Physics Quantum Mechanics

Fundamentally strange in nature, quantum physics requires metaphors like spinning coins and thought experiments with hidden cats in boxes for us to even begin to understand its laws.
However, even in the more obvious realm of classical physics, nuances of quantum behavior can be portrayed through rather straightforward scenarios. Scientists have found that the behavior of microscopic oil droplets going down two neighboring tubes in a bath of vibrating fluid is consistent with a well-known quantum thought experiment.


“It turns out that this hydrodynamic pilot-wave experiment exhibits many features of quantum systems which were previously thought to be impossible to understand from a classical perspective,” says Massachusetts Institute of Technology (MIT) fluid dynamicist John Bush.
Bush and MIT physicist Valeri Frumkin imitated the Elitzur-Vaidman bomb tester, a well-known example of an interaction-free measurement system that allows one object’s quantum state to be determined by gently caressing the wave of another object, without upsetting the delicate nature of either.

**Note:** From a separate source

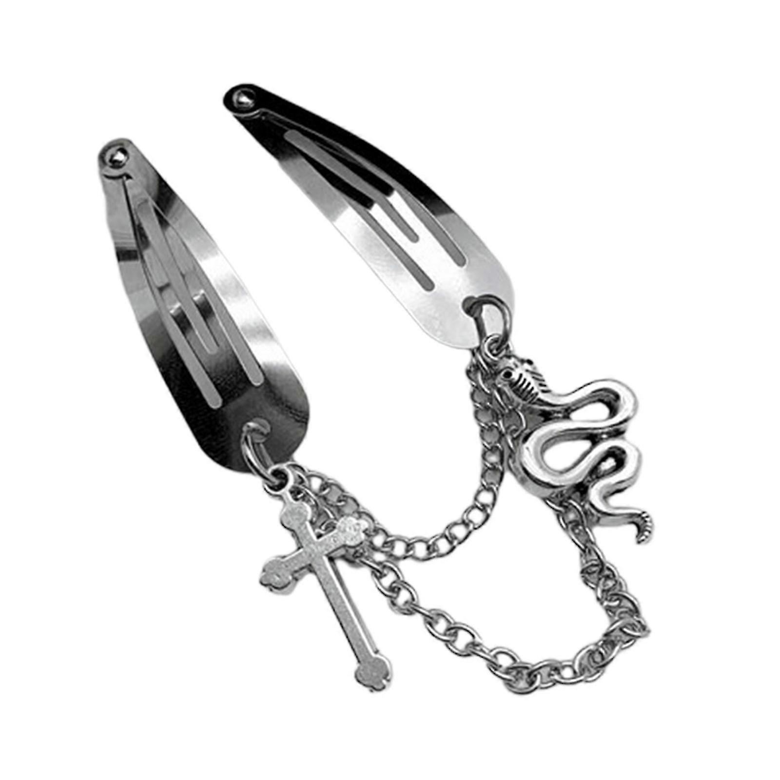 Hair Clip Y2k Girls Snap Clip Headdress Dark With Metal Pendants Women Hair Jewelry Silver Hair Styling Hairpin

Although the method has been used with low-intensity imaging equipment, no one is sure what is meant by “interaction-free” in terms of physical definition. A photon is instantaneously split into two states (a superposition) in the bomb tester experiment. These two states move along one of two channels, and one of those channels contains a “bomb” half the time. A “bomb” is a metaphor for an entity that can disrupt the superposition by absorbing a photon and destroying its own quantum state in the process.
If a photon leaves the system, it probably avoided any explosives. Now, the beauty of quantum physics is that, without ever “detonating” the bomb, the state of the split photon when it is recombined into a single whole can also reveal whether or not the bomb was present. This is true even when the photon took the other channel. From the perspective of classical physics, this is incomprehensible, which is why quantum physics was developed. To put it simply, the bomb tampers with the photon’s superposition-generated probability. When the photon’s wave-like properties are measured at the end, that interference can be found.

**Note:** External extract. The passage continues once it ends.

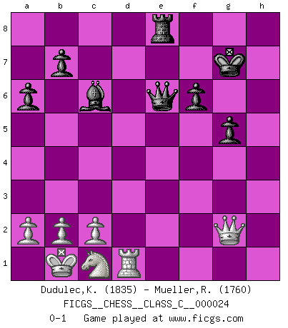 Last move : 0-1 2007 July 25 13:49:13 [Event "FICGS__CHESS__CLASS_C__000024"] [Site "FICGS"] [Date "2007.01.07"] [Round "1"] [White "Dudulec,Konstantin"] [Black "Mueller,Robert"] [Result "0-1"] [WhiteElo "1835"] [BlackElo "1760"] 1.e4 e6 2.d4 d5 3.Nd2 c5 4.exd5 exd5 5.Bb5+ Bd7 6.Qe2+ Be7 7.dxc5 Nf6 8.Ngf3 O-O 9.Nb3 Re8 10.Be3 a6 11.Bd3 Ba4 12.Nfd4 Nbd7 13.O-O-O Nxc5 14.Nf5 Nxd3+ 15.Qxd3 Bf8 16.Bg5 h6 17.Bh4 g5 18.Bg3 Bb5 19.Qd4 Re4 20.Qd2 Re2 21.Qd4 Qc8 22.Ne3 Bg7 23.Kb1 Qe6 24.Nc1 Rxf2 25.Bxf2 Ne4 26.Qb4 Nxf2 27.Nxd5 Nxd1 28.Rxd1 Qe5 29.Ne7+ Kh8 30.Rd5 Qxh2 31.g4 Qc7 32.Nf5 Qc4 33.Qd6 Qxg4 34.Nxh6 Qe6 35.Nf5 Re8 36.Qh2+ Kg8 37.Qg2 f6 38.Nxg7 Kxg7 39.Rd1 Bc6 0-1 French : Tarrasch, Open, 4.ed ed Kingside Castling by player Black (move 8) Queenside Castling by player White (move 13) Player Black won this chess game. Follow this game move after move (download)Chess is not like life... it has rules ! (Mark Pasternak) Capablanka war das größte Genie der Schachgeschichte! Aber denken sie nicht er habe nichts vom Schach verstanden. Er wusste nur soviel wie er wissen musste um seine Ziele zu erreichen. (Mikhail Moiseyevich Botvinik) Del Ajedrez se ha dicho que la vida no es lo suficientemente larga para él, pero eso es culpa de la vida, no del Ajedrez. (William Ewart Napier) Un footballeur joue avec ses pieds, parfois avec sa tête. Un joueur d'échecs ne joue qu'avec sa tête. Et quand il ne joue plus, il meurt. (Jacob Murray) The good fighters of old first put themselves beyond the possibility of defeat, and then waited for an opportunity of defeating the enemy. (Sun Tzu)

Therefore, it is unexpected that this study’s conventional setup yielded the same outcome. Instead of photons, droplets formed liquid ripples that behaved like superposition possibilities. If the expanding ripples collide with the bomb, the droplet will be impacted even if it took the other channel when the two channels combine again.
In a technical sense, the experiment is more similar to the interpretation of quantum experiments known as pilot-wave theory, which holds that the properties of an item are guided by interacting ripples carrying little surfing particles. The Elitzur-Vaidman bomb tester and the traditional experiment matched statistically. It demonstrates a link between the more ambiguous and uncertain quantum world and the more defined and solid world of classical physics, according to the researchers.

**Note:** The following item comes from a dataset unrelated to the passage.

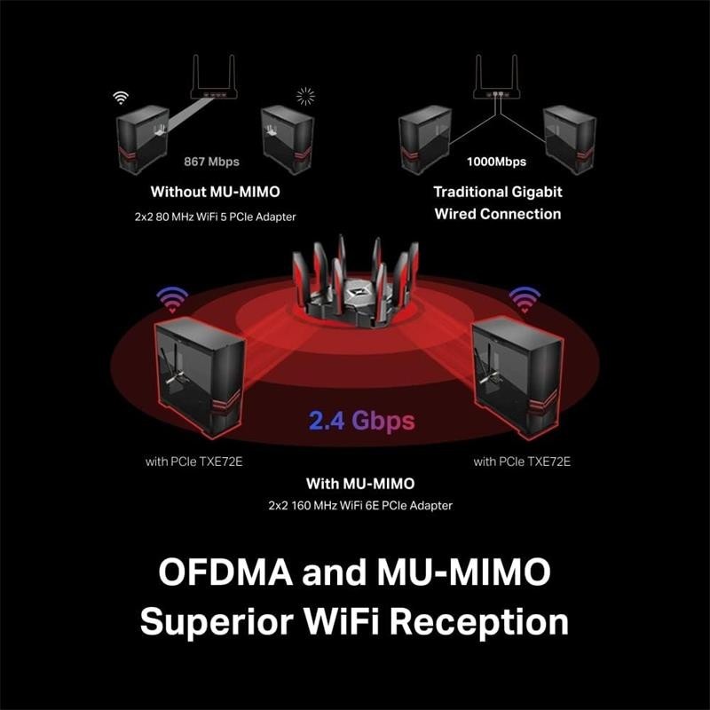 - Velocidad tribanda inigualable : aumente sus velocidades generales hasta 2402 Mbps (6 GHz) + 2402 Mbps (5 GHz) + 574 Mbps ( 2,4 GHz)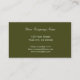 Olive Green black Elegant Pattern design business cards. Personalise with your own name address and information on both the front and the back. The back is blank so you can add your own logo or photo. Customise by changing font type and font colour. Simple contemporary business card for corporate business use for your company or your personal card. Discounts are available when purchased in bulk. This style is also available in other colours.

The reason why quantum behaviors such as waves of possibility seem to ‘collapse’ into discrete states is better understood in light of this. “Here we have a classical system that gives the same statistics as arises in the quantum bomb test, which is considered one of the wonders of the quantum world,” Bush states. As it turns out, the phenomenon is not as amazing as we first thought. And here’s another instance of quantum activity that makes sense when viewed through the lens of local realism.”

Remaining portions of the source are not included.